Power systems such as electrical power distribution or transmission systems are used to supply, transmit and use electric power. High Voltage Direct Current (HVDC) power transmission is becoming increasingly important due to increasing need for power supply or delivery, interconnected power transmission and distribution systems and long transmission distances from generation stations to load centers.

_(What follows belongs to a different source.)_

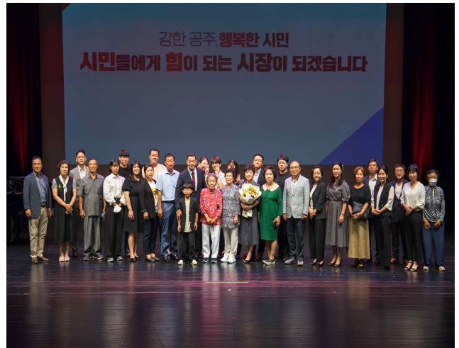
제10대 공주시장 취임식 기념촬영 (2022.7.1.)

An HVDC converter station is a type of station configured to convert high voltage direct current (DC) to alternating current (AC) or the reverse. An HVDC converter station may comprise a plurality of elements such as the converter itself (or a plurality of converters connected in series or in parallel), an alternating current switch gear, transformers, capacitors, filters, a direct current switch gear and/or other auxiliary elements. Electronic converters may comprise a plurality of solid-state based devices such as semiconductor devices and may be categorized as line-commutated converters, using e.g. thyristors as switches, or voltage source converters, using transistors such as insulated gate bipolar transistors (IGBTs) as switches (or switching devices). A plurality of solid-state semiconductor devices such as thyristors or IGBTs may be connected together, for instance in series, to form a building block, or cell, of an HVDC converter, which may also be referred to as an HVDC converter valve. According to one example, a plurality of solid-state semiconductor devices such as thyristors or IGBTs may be connected in series in a cell of an HVDC converter. During normal operation of e.g. an HVDC power transmission system or an HVDC grid including the HVDC converter, the solid-state semiconductor devices in the HVDC converter may at times be in a conducting mode in which they are conducting current and at other times be in a blocking mode, in order to attain a desired or required wave form of the current, as known in the art.

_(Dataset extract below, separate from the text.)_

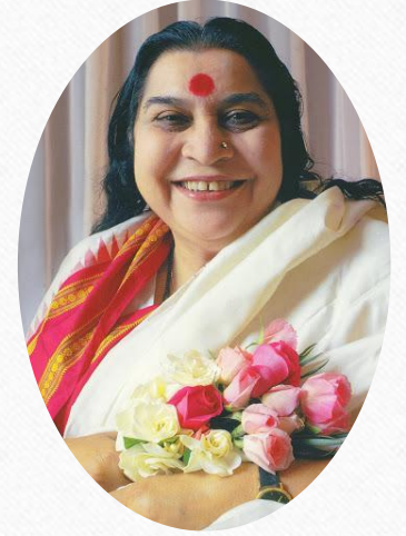
Shri Mataji Nirmala Devi

Components in a power system such as a HVDC power system operating at relatively high DC voltages may be electromagnetically shielded in order to reduce or eliminate the risk of partial discharges, arcing or flashovers occurring between the component and for example a wall, floor or ceiling within a building in which the component is arranged. For example, an HVDC converter is often arranged in a purpose-built building, which may be referred to as a valve hall or converter hall, for accommodating the HVDC converter. The required air clearance between the component and for example a wall, floor or ceiling within a building in which the component is arranged may at least in part depend on the electromagnetic shielding capacity or capabilities of the electromagnetic shield and/or the required or intended operating voltage of the power system.